BEGIN DATA RECORDS
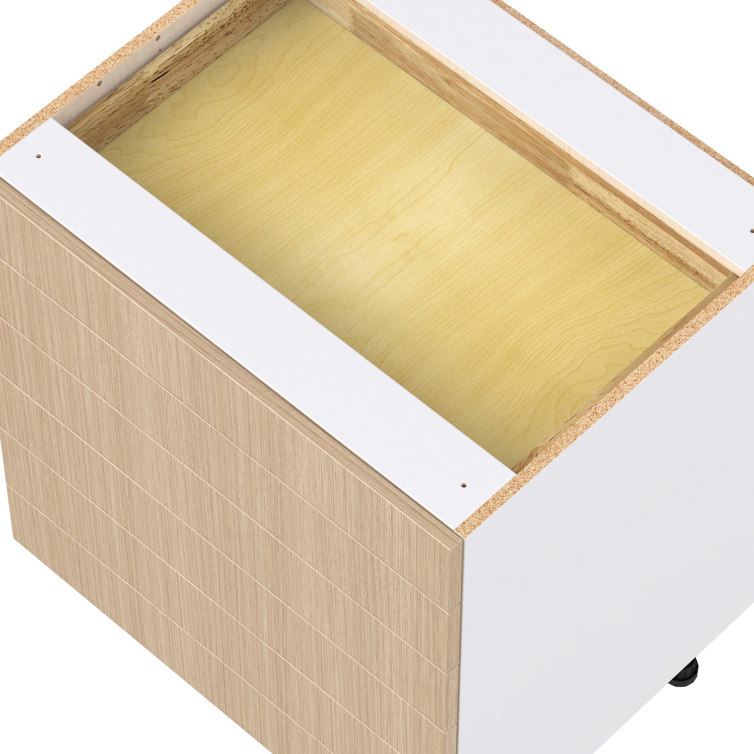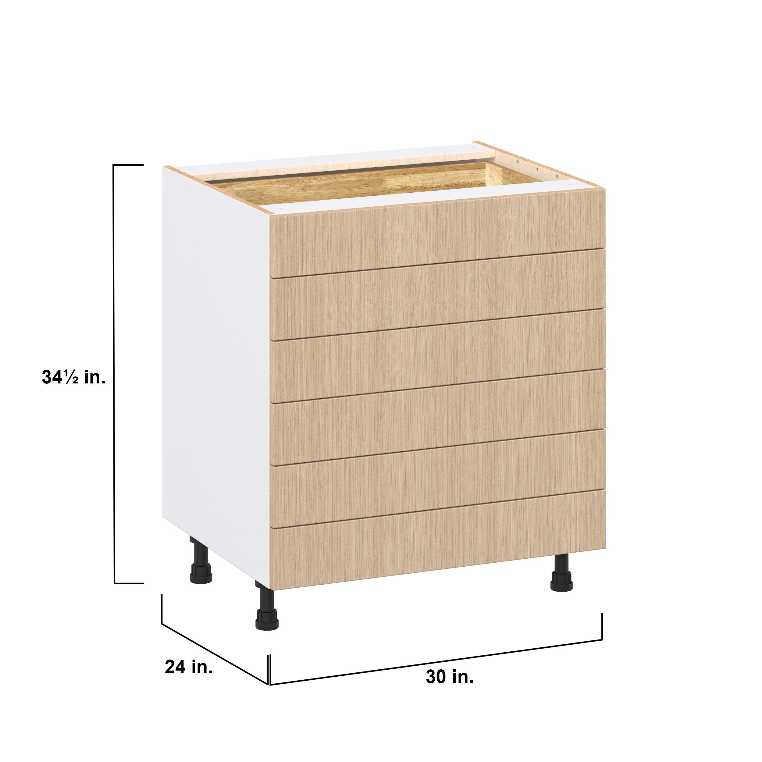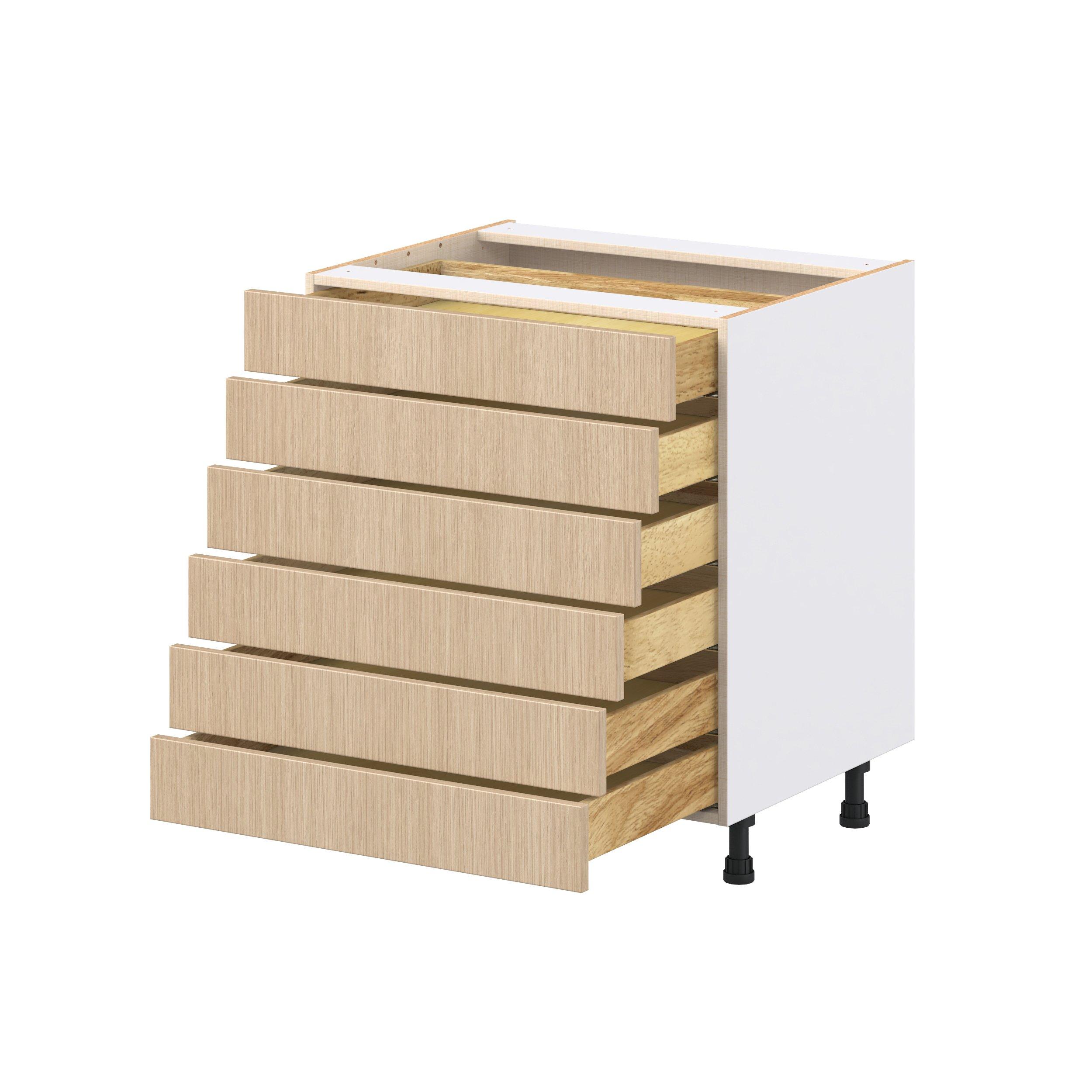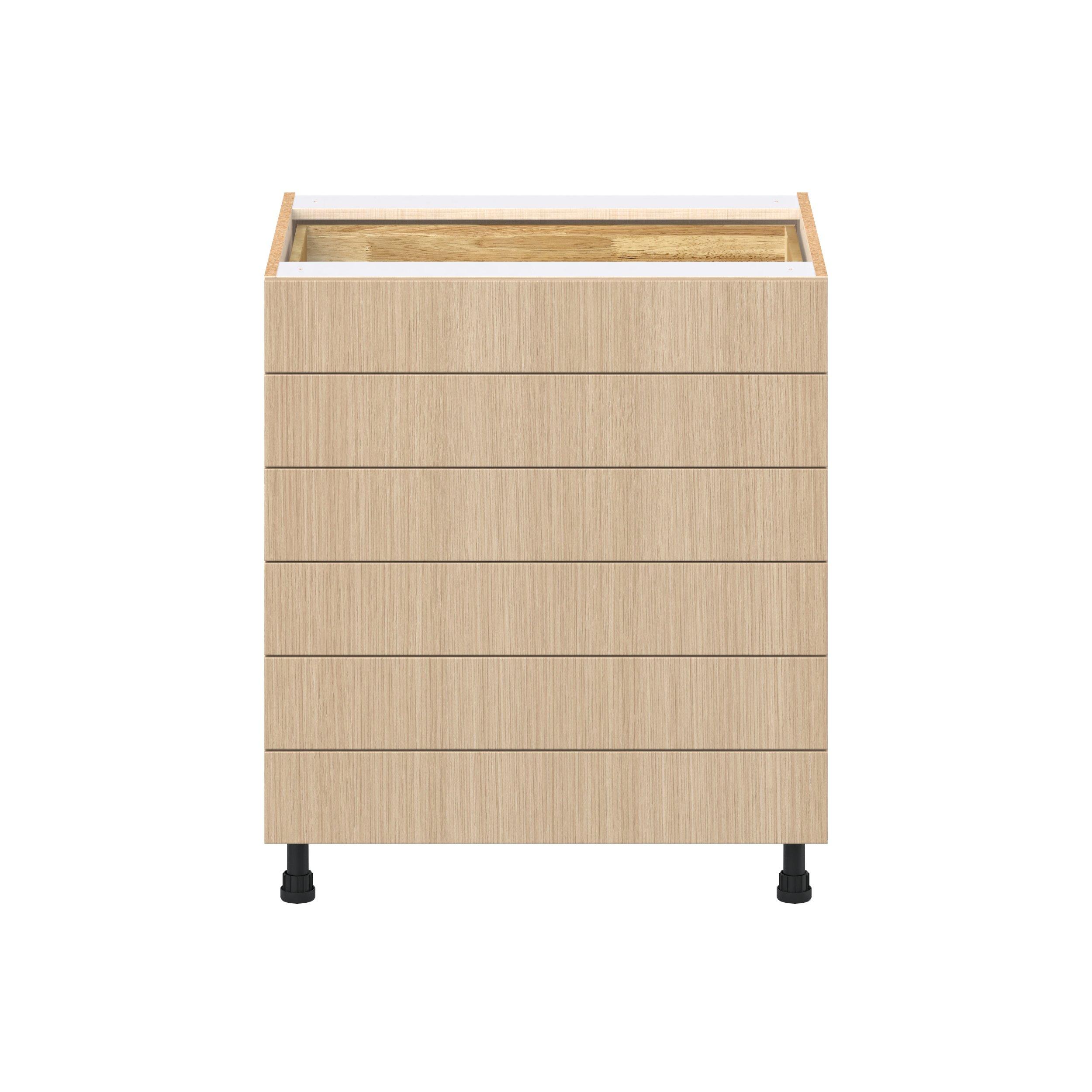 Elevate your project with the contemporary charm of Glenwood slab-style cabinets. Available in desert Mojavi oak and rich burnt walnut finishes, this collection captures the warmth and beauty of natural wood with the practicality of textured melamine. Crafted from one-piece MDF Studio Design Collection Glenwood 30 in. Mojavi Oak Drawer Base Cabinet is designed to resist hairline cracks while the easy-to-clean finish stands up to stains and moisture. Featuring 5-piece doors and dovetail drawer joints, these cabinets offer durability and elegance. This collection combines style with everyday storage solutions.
END DATA RECORDS
BEGIN DATA RECORDS
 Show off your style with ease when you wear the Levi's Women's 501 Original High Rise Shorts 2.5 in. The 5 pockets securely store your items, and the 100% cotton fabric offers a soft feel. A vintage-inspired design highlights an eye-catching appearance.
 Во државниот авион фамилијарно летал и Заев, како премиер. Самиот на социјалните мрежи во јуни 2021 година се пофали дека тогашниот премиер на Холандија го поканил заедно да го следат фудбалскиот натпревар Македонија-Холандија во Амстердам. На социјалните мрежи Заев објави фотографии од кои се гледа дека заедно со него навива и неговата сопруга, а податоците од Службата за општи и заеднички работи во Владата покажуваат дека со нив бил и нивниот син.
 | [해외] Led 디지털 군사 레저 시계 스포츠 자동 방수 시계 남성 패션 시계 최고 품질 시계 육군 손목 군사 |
END DATA RECORDS
### EXERCISE DETAILS
Within the listing above, the range opens at the line with "Во државниот авион" and closes at the line with "시계 육군 손목 군사 |". Reproduce exactly the lines of that range, including both ends.

### RESULT
 Во државниот авион фамилијарно летал и Заев, како премиер. Самиот на социјалните мрежи во јуни 2021 година се пофали дека тогашниот премиер на Холандија го поканил заедно да го следат фудбалскиот натпревар Македонија-Холандија во Амстердам. На социјалните мрежи Заев објави фотографии од кои се гледа дека заедно со него навива и неговата сопруга, а податоците од Службата за општи и заеднички работи во Владата покажуваат дека со нив бил и нивниот син.
 | [해외] Led 디지털 군사 레저 시계 스포츠 자동 방수 시계 남성 패션 시계 최고 품질 시계 육군 손목 군사 |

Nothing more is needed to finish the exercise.